User-Defined Implicit and Explicit Conversions

   


Most programs operate on data of a diverse set of types, ranging from the predefined simple types (int, double, and so on) over the derived predefined .NET types (in the Framework class library) to your own custom made types. If an operation adds two int values together and assigns the result to an int variable, the operation stays within the same type (if the result stays within the range of an int). Sometimes, however, we combine different types in the same operations with an accompanying need to convert data from one type to another. As discussed in Chapter 6, "Types, Part I: The Simple Types," typical circumstances that require conversions are as follows:

  • A value of one type is assigned to a variable of another type.

  • Values of different types are combined in the same expression.

  • The type of an argument in a method call is different from the type of its corresponding formal parameter in the method being called.

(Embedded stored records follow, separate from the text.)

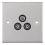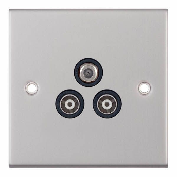 1 Gang F-Type Satellite + 2 Gang TV/FM Coaxial/Aerial Sockets Isolated Black Insert Selectric TV Points Satin Chrome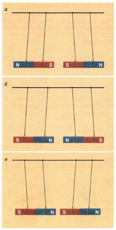 Постоянные магниты взаимодействуют друг с другом. Причём это взаимодействие напоминает взаимодействие электрических зарядов: одноимённые полюса магнитов отталкиваются (рис. 18.3, а, б), а разноимённые — притягиваются (рис. 18.3, в).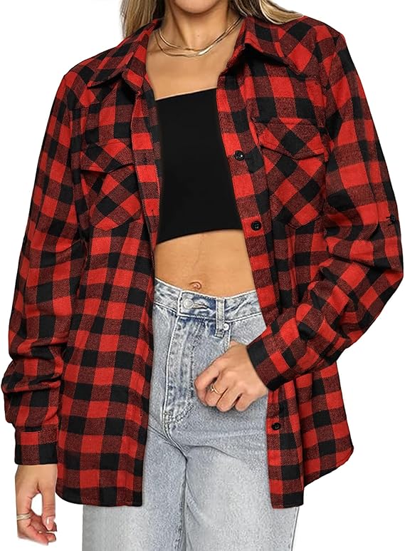 Plus Size Flannel Shirts for Women 2024 Oversized Boyfriend Plaid Shirt Casual Long Sleeve Button Down Tops Blouse

As long as the conversions only involve the simple types, the compiler feels at home. It follows predefined, exact rules and instructions, discussed at length in Chapter 6, that tell it

  • If an implicit conversion path exists (as specified in the implicit conversion path for simple types) and, if so, how it is performed

  • If an explicit conversion (using the cast operator (<Type>)) is possible and, if so, how it is performed

However, if we involve our own user-defined types in operations that either require conversions among user-defined types and simple types or among different unrelated user defined types, the compiler is clueless unless we explicitly specify, through user-defined (implicit or explicit) conversions, how these conversions are performed.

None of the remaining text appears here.